Through deep machine learning this study compared the diagnostic accuracy of stimulated Raman histology brain tumor image classification with the pathologist interpretation of conventional histologic images. Results indicated diagnosis using this novel AI approach was 94.6% accurate with pathologist based interpretation being 93.9% accurate, the new system demonstrated precise diagnostic capacity which may beneficial alongside or to centers without access to neuropathologists.
“As surgeons, we’re limited to acting on what we can see; this technology allows us to see what would otherwise be invisible, to improve speed and accuracy in the OR, and reduce the risk of misdiagnosis,” said senior author Daniel A. Orringer, MD, associate professor of neurosurgery at NYU Grossman School of Medicine, who helped develop SRH and who co-led the study with colleagues at the University of Michigan. “With this imaging technology, cancer operations are safer and more effective than ever before.”
Around 15.2 million people around the globe are diagnosed with cancer every year, among them some 80% will undergo surgery and in many cases part of the tumor will be analyzed during surgery to help provided preliminary diagnosis. In America over 1.1 million biopsy samples are taken every year to be interpreted by pathologists, which is based on hematoxylin and eosin staining of processed tissue, time, resources, and labor, according to the authors.
“The conventional workflow for intraoperative histology, dating back over a century, necessitates tissue transport to a laboratory, specimen processing, slide preparation by highly trained technicians, and interpretation by a pathologist, with each step representing a potential barrier to delivering timely and effective surgical care,” they wrote.
This new approach takes advantage of advances in optics and artificial intelligence; SRH imaging techniques offer label free, submicrometer resolution imaging of unprocessed biological tissues to reveal tumor infiltration which are then processed and analyzed using a deep learning AI algorithm to provide surgeons brain tumor diagnosis within 3 minutes. Resection using this same technology can then allow surgeons to accurately detect and remove what may be otherwise undetectable tumors.
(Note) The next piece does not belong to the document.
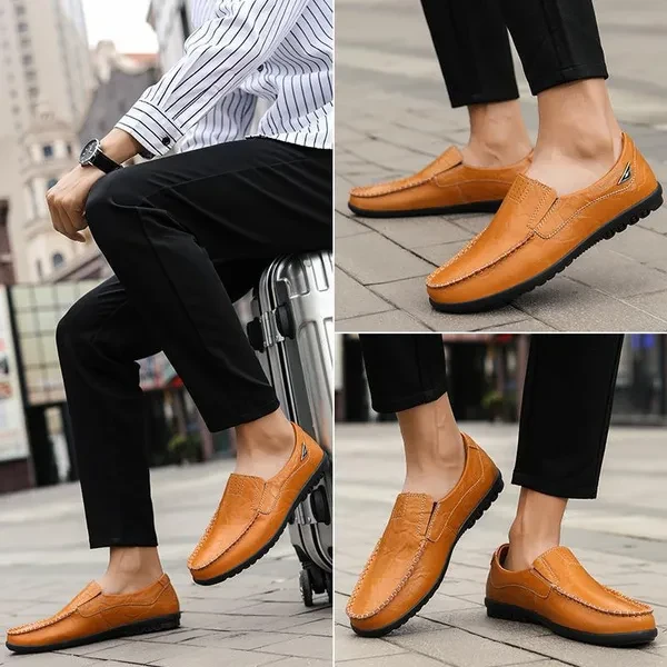 Welcome to LANBOO shop and enjoy your shopping moment~ Suitable season: All Seasons Toe shape: Round Head Style: Casual Upper material: Leather Color:Black,Dark brown,Light brown Material: The upper is made of high quality leather material, I believe you will be satisfied with its high quality. Anti-slip protection: The lightweight and non-slip sole made of polyurethane increases softness, flexible folding performance and shock absorption, which can provide better support and balance, and perfectly adapt to your daily needs. Fashion: With classic design, low-key and gentlemanly, it will never go out of fashion. It can be well matched with the clothes in your wardrobe. Color selection: Three colors are available, black, dark brown, light brown, you can choose the style that suits you~ Suitable for many occasions: indoor and outdoor activities, daily walks, travel and more. This makes a great holiday gift. This is a great gift idea for him! Just for Valentine's Day, Christmas, Thanksgiving, New Year's Day! If you want make a very correct choice you should choose by the size chart at the image !(If your feet have a bit fat, please choose one bigger size.)

“SRH utilizes the intrinsic vibrational properties of lipids, proteins, and nucleic acids to generate image contrast, revealing diagnostic microscopic features and histologic findings poorly visualized with hematoxylin and eosin (H&E)-stained images, such as axons and lipid droplets, while eliminating the artifacts inherent in frozen or smear tissue preparations,” write the authors.
For this study a deep convolutional neural network was trained on more than 2.5 million samples from 415 patients to classify tissue into 13 histologic categories representing the most common brain tumors, the CNN was then validated in a clinical trial involving 278 cancer patients undergoing brain tumor resection or epliepsy surgery at 3 medical centers; patient biopsies were split intraoperatively into sister specimens and were randomly assigned to either the experimental or control group. Control specimens received standard practice and were transported to a pathology laboratory for processing, slide preparation, and interpretation taking about a half hour. Experimental specimen analysis was performed intraoperatively from image acquisition and processing to diagnostic prediction via CNN.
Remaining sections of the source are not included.